The purpose of this assignment is for you to familiarize yourselves with different algorithms for integer and polynomial multiplication. Algorithms considered in this assignment include (a) the long (gradeschool) multiplication method, and (b) the basic divide-and-conquer method. Work on Karatsuba's method is also included as extra credit.
The source code of the programs polymult.cpp and polymult.java is provided. These are programs for multiplying 2 polynomials using the long multiplication algorithm. They first ask the user to enter a value N. They then either randomly (for N > 10) or by user input (for N <= 10) generate two polynomials of degree N-1. The programs then multiply these 2 polynomials. They finally print out the original and the resulting polynomials. The programs represent a polynomial of degree N-1 as an array of N elements. Element i in the array contains the coefficient of the monomial of degree i for i = 0,...,N-1. For example, 3+4x-5x2 can be represented as
int a[] = { 3, 4, -5 };
Note that a dynamically allocated array may also be used to represent a polynomial (see polymult programs).
Your assignment is to write a program called intmult.cpp or intmult.java with the following requirements:
1) Using a simple dynamic array of integers, represent arbitrary length non-negative integers rather than polynomials. Some fundamental differences include:
a) Since each value in the array represents a base-ten digit, it must be in the range [0,9]. Thus, when inputting the digits or randomly generating them, you must ensure that all digits are in the correct range.
b) Since integers are typically shown with the most significant digit on the left, you should print them in that way.
2) Implement long multiplication (gradeschool) of arbitrary length integers in a manner similar to the multiplication of the polynomials of the example programs. You can do this more or less by modifying subroutine polymult() in the example programs so that it multiplies "integers" in base 10 rather than "polynomials". To make the modification, you should incorporate some code to deal with carries (since base 10 integer digits can only have values between 0 and 9).
3) Implement the basic divide-and-conquer multiplication algorithm. This is the simple divide and conquer algorithm discussed in class (NOT Karatsuba's algorithm). The subroutine should have 4 recursive calls. If it helps, you may change the way parameters are passed to and returned. You may also want to create a subroutine for polynomial addition and for shifting. As a general guideline, a subroutine should not be longer than a page. If it is, break it down into smaller subroutines.
4) Verify the asymptotic running time of the multiplication algorithms from parts 2) and 3). We discussed in lecture that the asymptotic running time of both algorithms is Theta(n2). To verify this run-time you will test each algorithm in the following way:
a) Generate and time the multiplication of 5 randomly generated pairs of numbers for each of the following numbers of decimal digits: { 2000, 4000, 6000, 8000, 10000 }. Determine the average run-time per multiplication for each algorithm for each number of digits. Note that you should time only the multiplications – do not time the generation of the numbers that you are to multiply. Output your results to a file called intmult.out.

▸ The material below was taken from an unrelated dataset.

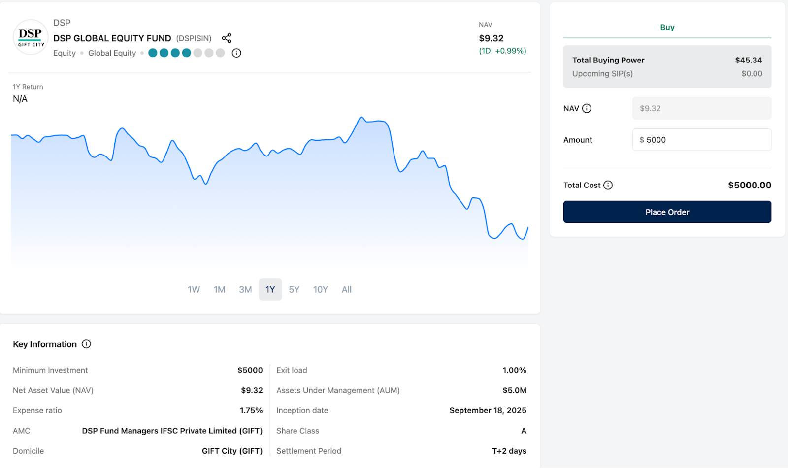 The DSP Global Equity Fund is one of the first retail mutual funds launched from GIFT City and remains a useful reference point for understanding the actively managed structure.
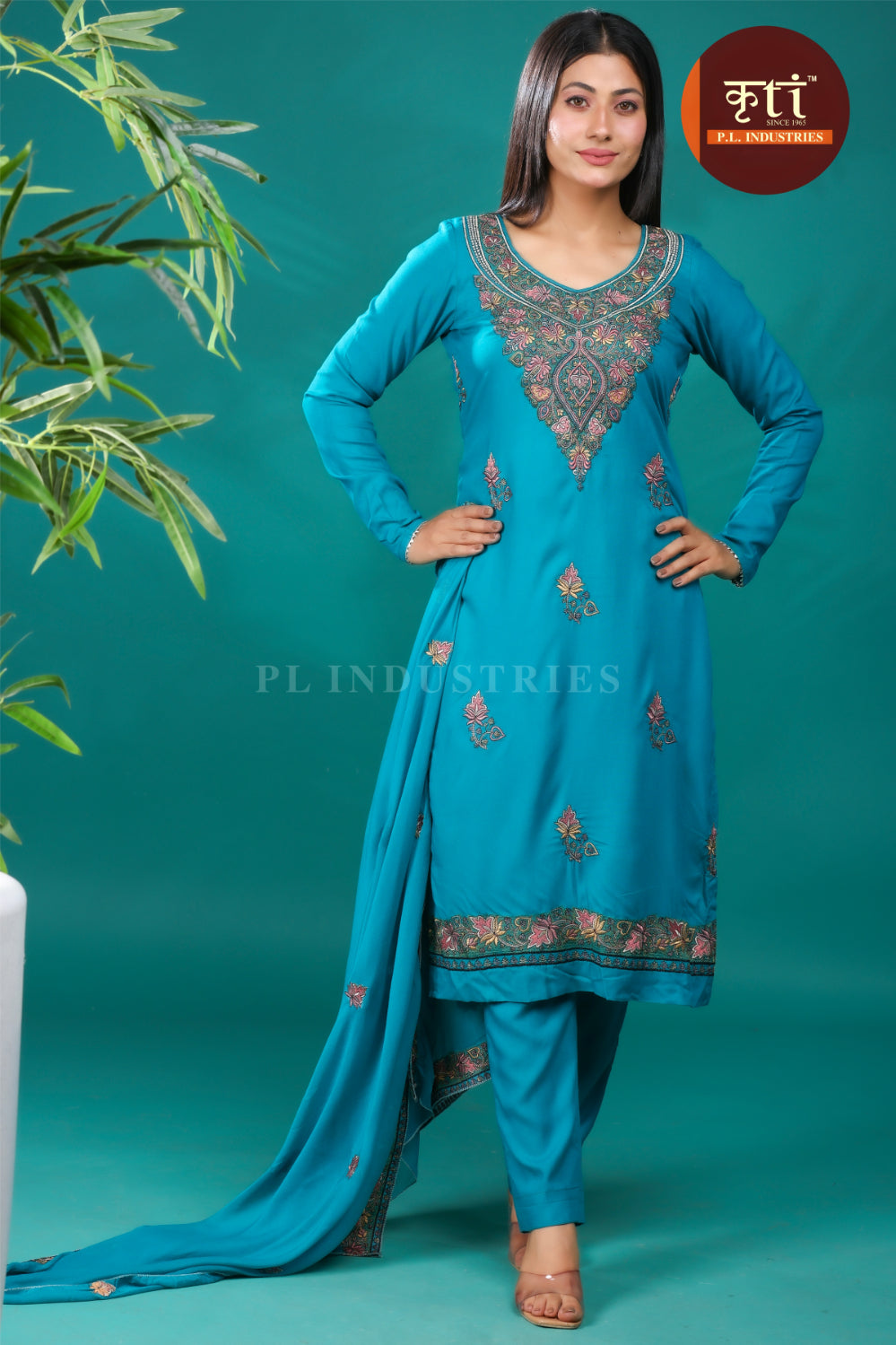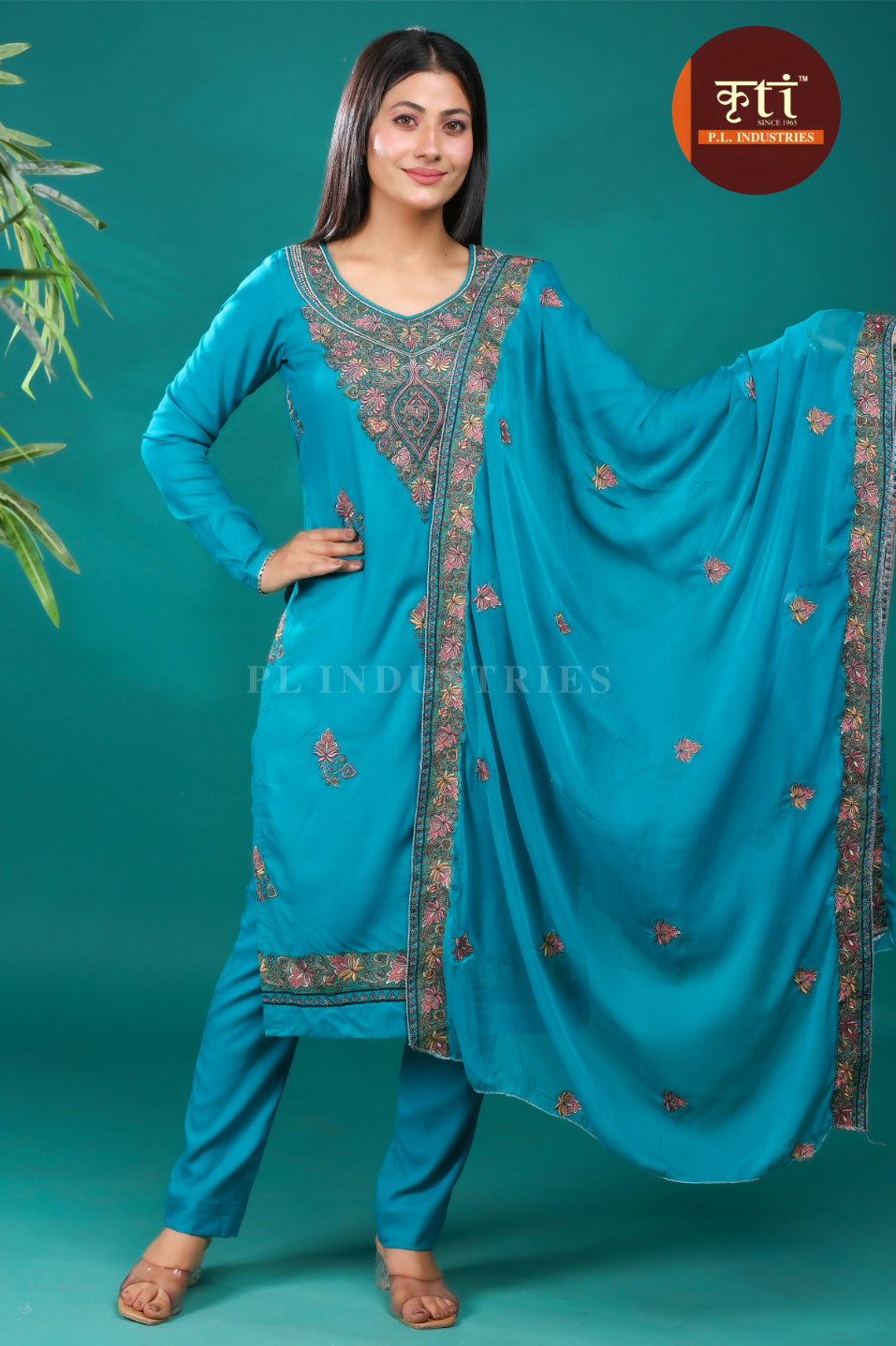 KRITI Unstitched Embroidery Work Cotton Suit With Dupatta Blue Color For Women

b) Clearly, you will need to incorporate into your program code for measuring the running time of a code segment. For C++ programs on Unix, you should use gethrtime(). For C++ programs on Windows, you should use clock(). For Java programs, you should use the Date class. See the man page on Unix, the help file on Windows or the Java API description for more details.
5) Allow the TA to test your algorithms in the following way: When your program begins, ask the user if he/she wants to show one multiplication or run the simulation. If the user elects to show one multiplication, prompt the user to input N, then input the N digits of each number. Then output the numbers and the product you produce for each algorithm.
6) Once you have completed and executed your program, write a report that addresses each of the following issues:
a) Explain the code you wrote for this assignment in a concise manner. For step 2, explain how you modified the code from the polymult program to get it to work for integers. For steps 2 and 3, explain how the parameters are passed to and returned from your subroutine. Does the caller or the callee allocate the space for the resulting integer? Briefly explain the use of any important temporary variable. In step 3, explain your base cases and how you handle values of N that are not even.
b) Address the issue of temporary space required for your divide and conquer algorithm. Is it possible to reduce the amount of temporary space that needs to be allocated? How does this effect the running time? (as a function of n, an additive constant, or a multiplicative constant?).
c) Show a graph of N values (X-axis) versus runtimes (Y-axis) for both multiplication algorithms. Discuss your results and indicate anything that you may not have expected. For large N, which algorithm will be faster? By how much? Include a brief argument and/or calculation to support your claim. For your graph, you may use a Excel or, if you prefer, you may do it by hand and scan it into a .jpg file.
7) Extra credit: Implement an integer multiplication subroutine using Karatsuba's algorithm, time it as you did with the other two algorithms, and discuss your implementation and results in the report.